A Utah watchdog group says what is happening inside Provo Canyon School is nothing short of "shocking," and it is publicly pressing state leaders to crack down after a review documented violence, self-harm, thin medical care, and chronic staffing shortages at the program's Provo and Springville campuses. The findings land just as families file lawsuits and state regulators move to tighten the screws.
The conclusions stem from a review by the Disability Law Center that, according to The Salt Lake Tribune, detailed those concerns and called for far more aggressive state intervention. The Tribune report, published June 23, says the watchdog wants officials to go beyond quick spot checks and use tougher enforcement tools.
State imposes license conditions
Per the Utah Department of Health and Human Services, the Provo campus is now barred from accepting new clients, must meet required staffing ratios, and must revise emergency protocols so staff are encouraged to call 911 and will see inspectors more often. The agency says the restrictions are meant to protect current residents while regulators verify compliance, and the notice has to be posted both at the facility and on the school's websites within days.

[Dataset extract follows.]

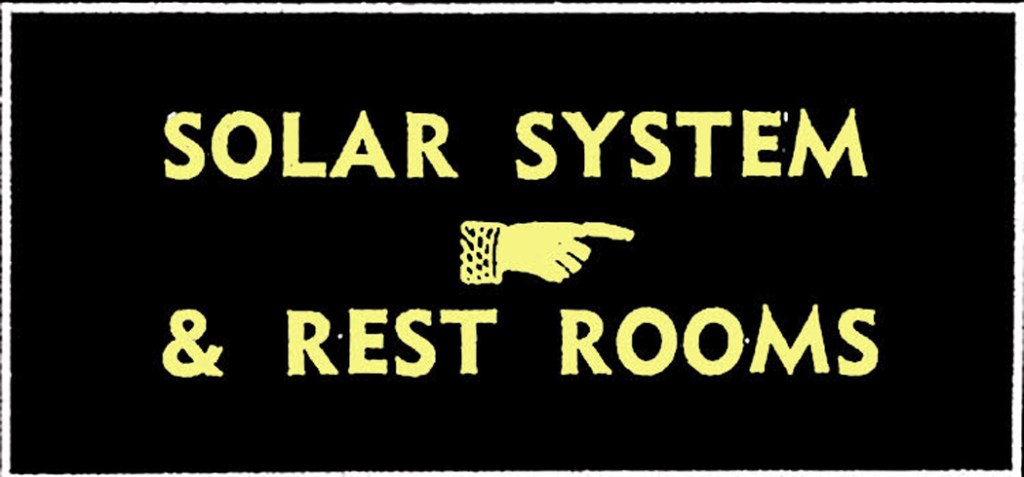 Perhaps my interest in oddness and irony was first touched off when I was a teenager visiting the Hayden Planetarium in New York City, where there was an illuminated sign pointing downstairs to “Solar System & Rest Rooms.”

Investigation focused on May 18 assault
State investigators homed in on a May 18 incident in which a resident was knocked unconscious during an assault, and staff allegedly did not call emergency services, instead arranging a nonmedical transport that delayed treatment. That episode became one of several findings of noncompliance and helped trigger the emergency agency action, as reported by KSL.
Families sue; Paris Hilton joins
Two families have sued, alleging that delayed medical care left their children with serious injuries, including a fractured jaw and kidney failure that required dialysis, and they have named Provo Canyon's parent company as a defendant. Paris Hilton appeared at a courthouse rally to back the parents and call for the facility to be permanently shut down, according to reporting by Axios.
School responds
Provo Canyon School has pushed back in a public statement, saying it is committed to safety and pointing to patient satisfaction surveys and national accreditation. "We do not condone or promote any form of abuse," the statement reads, adding that the school will cooperate with regulators while also protecting individual privacy, according to the school's media materials on its website.
A history of scrutiny
The program, along with Utah's broader troubled-teen industry, has been under a cloud for years, with survivor rallies and investigative reporting going back to 2020. Local probes and advocacy groups have repeatedly highlighted gaps in oversight and called for more transparent inspections, a pattern documented in reporting by KUER.
What happens next
The Utah Department of Health and Human Services says it will closely watch the Provo campus for strict compliance and can escalate to revoking the license if conditions are not met. According to the department's notice, the restrictions stay in place while inspectors return to verify corrective steps, and the school must notify families and publicly post the agency action.
Legal and regulatory stakes
The new lawsuits raise the pressure on regulators and could shape civil liability alongside administrative penalties, potentially exposing the operator to major financial and operational fallout. Legal observers told reporters that formal regulatory findings on top of civil suits make tougher state action more likely, according to coverage in Axios.
Advocates say the Disability Law Center review should be a turning point for stronger enforcement and more transparency, and families and watchdog groups will be watching closely as inspections continue and formal recommendations emerge. This story will be updated as regulators' reviews advance and new court filings surface.